MENINDAKLANJUTI hasil pertemuan Akbar oleh warga Maffa Halmahera Selatan yang perihal dugaan penyalahgunaan dana desa belum lama ini yang tak dihadiri oleh Kades dan Ketua BPD.
Aliansi Rakyat Peduli Negeri (ARPN) melakukan pertemuan langsung dengan Bupati Halmahera Selatan Bassam Kasuba pasca kegiatan lomba PKK di Desa Lubi Kecamatan Gane Timur, pada 02/06/25.
Pertemuan itu guna memberikan petisi dukungan masyarakat dan data hasil temuan penyalahgunaan anggaran dana desa oleh kepala Desa Maffa tahun 2023, 2024, dan tahap satu 2025.

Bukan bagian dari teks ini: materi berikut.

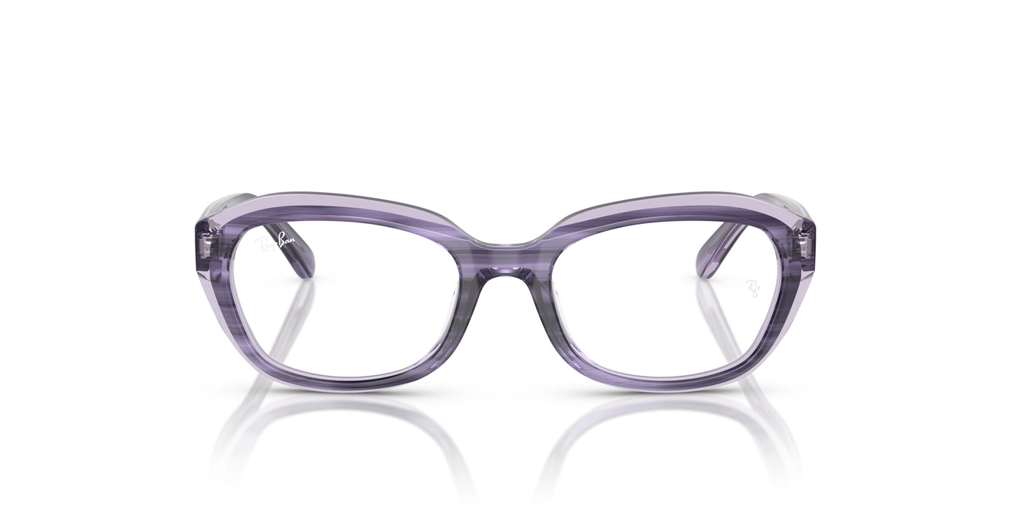 El estilo state street vuelve con esta interpretación esbelta y divertida. Con una forma muy ponible, este estilo combina el colorido habano a rayas con el acetato transparente para crear un look juvenil. Un estilo óptico ligero con un toque divertido y dimensional. Monturas estrechas con forma rectangular redondeada en bonitas habanas a rayas pastel o en negro clásico. Acabadas con el icónico logotipo de ray-ban en la lente y la patilla.
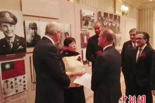 △2015年11月,《為了正義與和平——中美二戰合作圖片展》在內華達州拉斯維加斯舉行。李小林向來賓介紹70多年前被李先念所率新四軍一部救助的美國援華飛行員本尼特的照片

Pada pertemuan itu, ARPN menjelaskan semua kronologi pasca pelantikan kepala desa Maffa Harun Hamid terkait penyalahgunaan anggaran dana desa hingga penunjukan PAW BPD yang tidak melewati mekanisme yang semestinya.
Selain penyalahgunaan dana desa dan penggantian PAW BPD yang tidak sesuai mekanisme, Bupati Bassam Kasuba juga menyeoroti tindakan kades dan bendahara Desa Maffa yang memfasilitasi sekelompok orang mabuk minuman keras untuk kemudian menggangu rapat akbar yang dihadiri mayoritas masyarakat desa maffa tanpa kehadiran Kades dan BPD yang seharusnya menghadiri dan memberikan klarifikasi dalam forum tersebut.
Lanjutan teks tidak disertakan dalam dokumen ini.